Lisp: Notes on its Past and Future (1980)

Clojure vs. Rust and Other Language Choices

  • One thread explores choosing Clojure instead of Rust for “non-low-level” work, arguing both target shared-mutability problems but with very different approaches.
  • Others suggest alternatives like F#, Elixir/Erlang, or Scheme/Common Lisp depending on needs (static vs dynamic, systems vs app code, commercial ecosystem).

State, Concurrency, and Performance Models

  • Several comments contrast Rust’s ownership/borrow checker with FP-style immutability (Clojure, Elixir, Erlang):
    • FP/Lisp-style: avoid shared mutable state by using immutable data and persistent data structures; easier mental model, some runtime overhead.
    • Rust: allows mutability and sharing but not simultaneously; compiler-enforced safety at cost of a steeper learning curve.
  • Some note Clojure’s Software Transactional Memory is rarely used in practice; persistent data structures are central.
  • Anecdotes suggest Rust can significantly outperform Clojure when raw performance (e.g., games) is critical.

Clojure, JVM, and Ecosystem Health

  • One side claims Clojure and the JVM are “looking dead”; others strongly dispute this, citing:
    • Active JVM evolution (e.g., virtual threads).
    • Ongoing Clojure community activity and variants (ClojureScript, ClojureCLR, ClojureDart, babashka, jank).
  • Disagreement over whether Clojure benefits strongly from the Java ecosystem: some praise effortless reuse of mature Java libraries; others feel the JVM brings cultural and tooling friction.
  • Clojure is seen as commercially niche but real; Common Lisp is described as more “eternal” but with a sparser ecosystem.
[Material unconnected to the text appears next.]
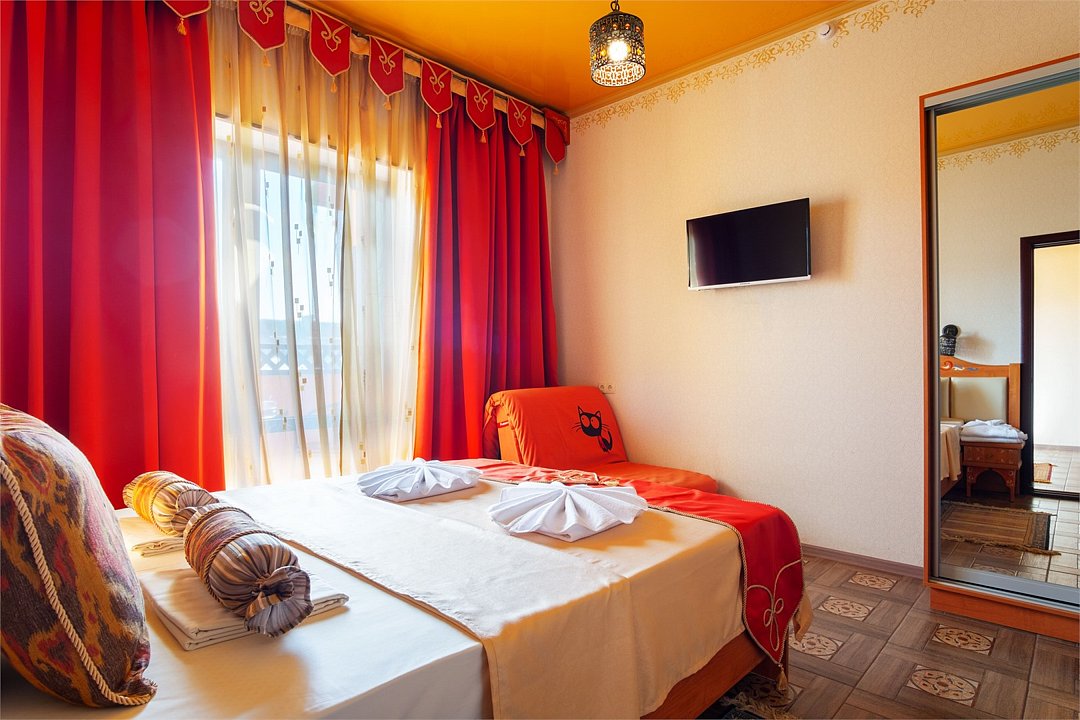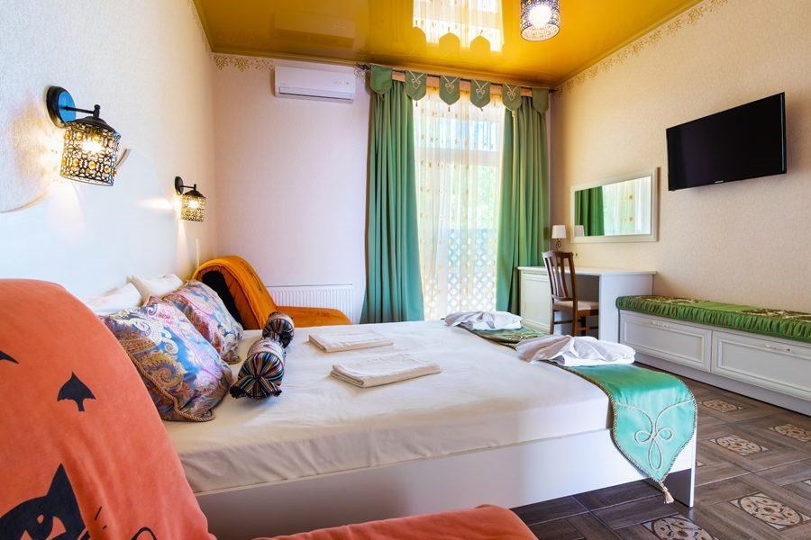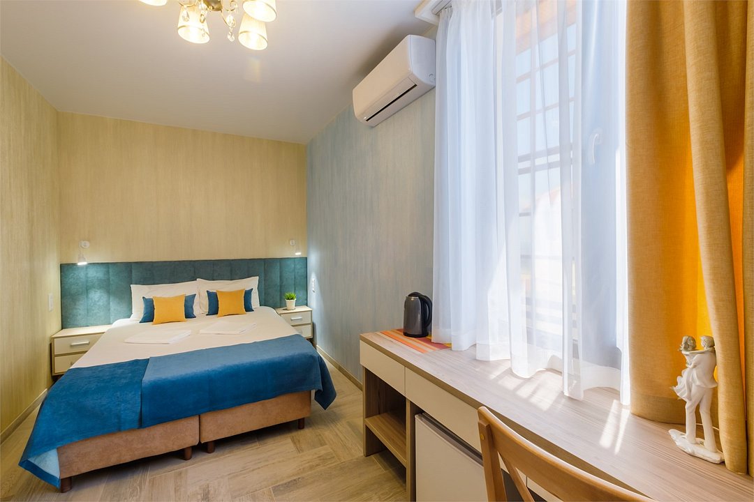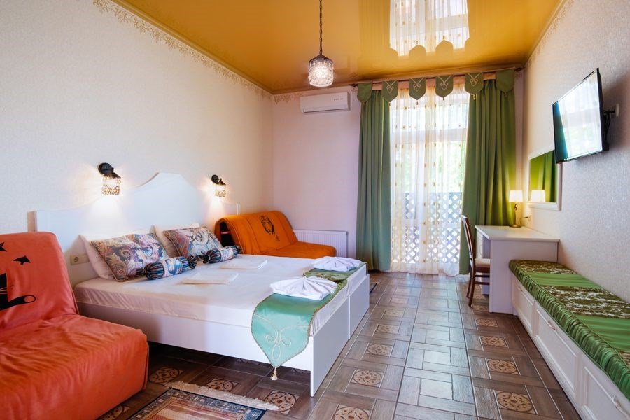 Wi-Fi, кондиционер, фен, ванна, теплый пол, банные полотенца, пляжные полотенца, две односпальные или большая двуспальная кровать, тумбы, шкаф для одежды, вешалки, письменный стол, набор посуды, чайник, унитаз, раковина, питьевая вода, отопление, плиточное покрытие, вид во двор, стул, раскладной диван, раскладное кресло, телевизор с плоским экраном, мини-холодильник, москитная сетка, гостиничная парфюмерия, можно с питомцамиВ гостиничном номере

Lisp Developer Experience (REPL, Live Systems)

  • Multiple comments emphasize that the distinctive value of Lisp/Clojure is not just language features but the REPL-driven, live-editing workflow:
    • Code is edited in normal files, but forms are evaluated directly into a running system.
    • This encourages incremental development, rich introspection, and reduced edit–compile–run cycles.
  • Comparisons are drawn to Smalltalk and iPython; some say this style changes how you think about structure and state.

Why Lisp Isn’t Mainstream

  • Theories include:
    • Most programmers find imperative/OO easier to “grok” than functional styles.
    • Mainstream languages have absorbed key FP features, reducing the incentive to switch.
    • Productivity depends heavily on libraries/frameworks; Lisp ecosystems often lag in breadth.
    • Lisp’s extreme flexibility and powerful metaprogramming make large-team maintenance harder, especially with less-experienced developers.
  • Others argue Lisp supports multiple paradigms and is used successfully in commercial settings; the barrier is social and educational, not inherent.

Lisp, AI, and McCarthy’s “Higher-Level Than Lisp”

  • Discussion connects McCarthy’s prediction of declarative, goal/fact-based programming to:
    • Prolog-style logic programming.
    • Modern LLMs and “agentic coding,” where prompts/specs resemble high-level declarative descriptions.
  • Some see LLMs as a rough realization of this; others object that today’s LLMs are non-deterministic and error-prone, making the analogy weak or premature.
  • On AI history:
    • Lisp’s role in classical, symbolic AI (knowledge representation, reasoning, genetic programming) is highlighted.
    • With the shift to numerical deep learning, neural nets moved toward C/CUDA plus Python; Lisp didn’t disappear but stopped being central.
    • There is speculation that a modern “Lisp for neural nets” could be powerful if paired with GPU libraries.

Other Lisp Dialects and Anecdotes

  • Commenters mention enjoyable experiences with Scheme variants (CHICKEN, Chez), Common Lisp tooling, and babashka as a lightweight on-ramp.
  • A salary-survey tangent notes very high reported pay for Clojure developers but is widely dismissed as likely statistically insignificant.